Biotransformation and elimination

EPA is mainly metabolised by the liver via beta-oxidation similar to dietary fatty acids. Beta oxidation splits the long carbon chain of EPA into acetyl Coenzyme A, which is converted into energy via the Krebs cycle. Cytochrome P450-mediated metabolism is a minor pathway of elimination of EPA. The total plasma clearance of EPA at steady-state is 684 mL/hr. The plasma elimination half-life (t1/2) of EPA is approximately 89 hours.

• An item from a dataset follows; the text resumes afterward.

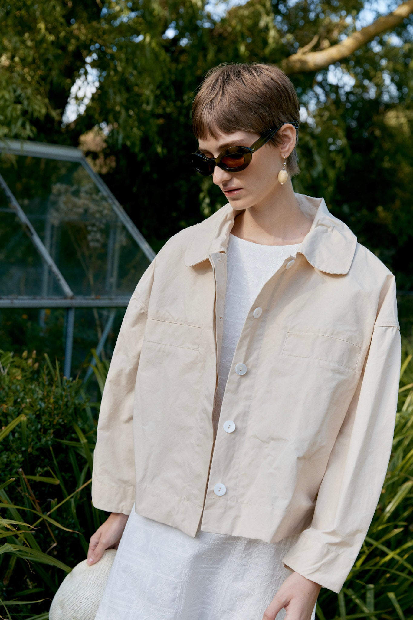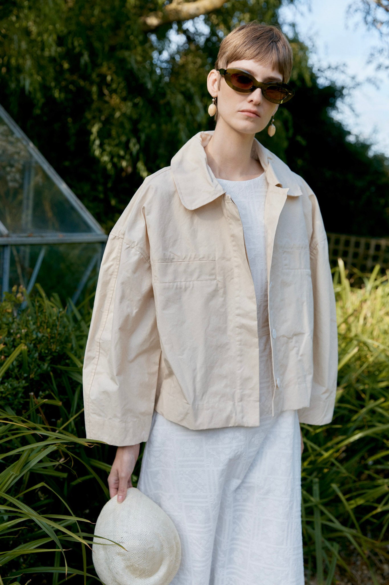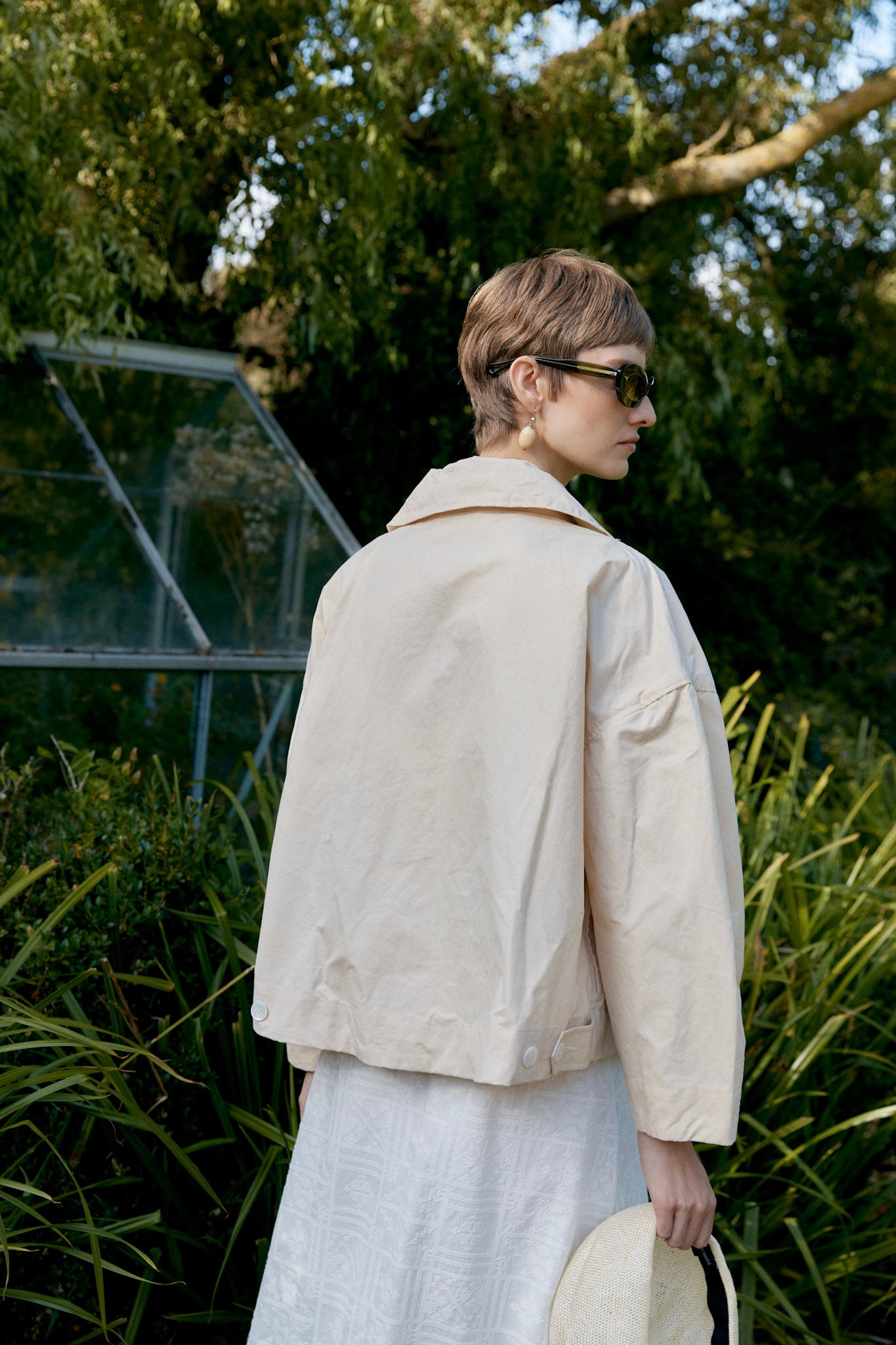 The Wesley Jacket crafted from a showerproof British Dry Oilskin is a refined take on utility. Meticulously cut to have an oversized and boxy silhouette, the jacket features chest welt pockets, a concealed button placket and exaggerated rounded collar. Workwear-inspired touches include buttoned waist tabs to create more defined volume and practical side seam pockets finish the garment.

Icosapent ethyl does not undergo renal excretion.

Pharmacokinetic/pharmacodynamic relationship(s)

Triglycerides level/reduction in hypertriglyceridemia

A linear relationship between EPA levels in plasma or red blood cells (RBCs) and TG reduction was observed in two Phase III studies.

Cardiovascular risk reduction

Analyses of the primary (5-point) and key secondary (3-point) MACE endpoints suggest that ontreatment lipoprotein changes had limited influence on cardiovascular risk reductions, while on-treatment steady-state serum EPA levels accounted for the majority of the relative risk reduction observed in REDUCE-IT. Baseline serum EPA level was 26 μg/mL; compared to patients with an ontreatment steady-state serum EPA level below 100 μg/mL, patients with on-treatment EPA levels ≥175 μg/mL had a >50% reduced risk of a cardiovascular event.

Renal and hepatic impairment

The pharmacokinetics of icosapent ethyl has not been studied in patients with renal or hepatic impairment. Patients did not require routine dose adjustment due to hepatic or renal impairment in a well-controlled cardiovascular outcomes study of icosapent ethyl.

Other special populations

Elderly (≥65 years)

The pharmacokinetics of icosapent ethyl has not been studied in elderly patients. Elderly patients did not require routine dose adjustment in well-controlled clinical studies of icosapent ethyl.

Paediatric population

The pharmacokinetics of icosapent ethyl has not been studied in paediatric subjects

Preclinical safety data

Non-clinical data reveal no special hazard for humans based on conventional studies of repeated dose toxicity, genotoxicity, carcinogenic potential and toxicity to reproduction and development.

At the highest dose levels in reproductive and developmental studies, no adverse effects were observed in rats or rabbits at approximately 6 to 8 times the human equivalent dose based on body surface area comparison. In a rat embryo-foetal study, no adverse effects were observed at exposures 6.9 fold higher than the clinical exposure (based on AUC).

Animal studies indicate that icosapent ethyl crosses the placenta and is found in foetal plasma.

Animal studies indicate that icosapent ethyl is excreted in milk.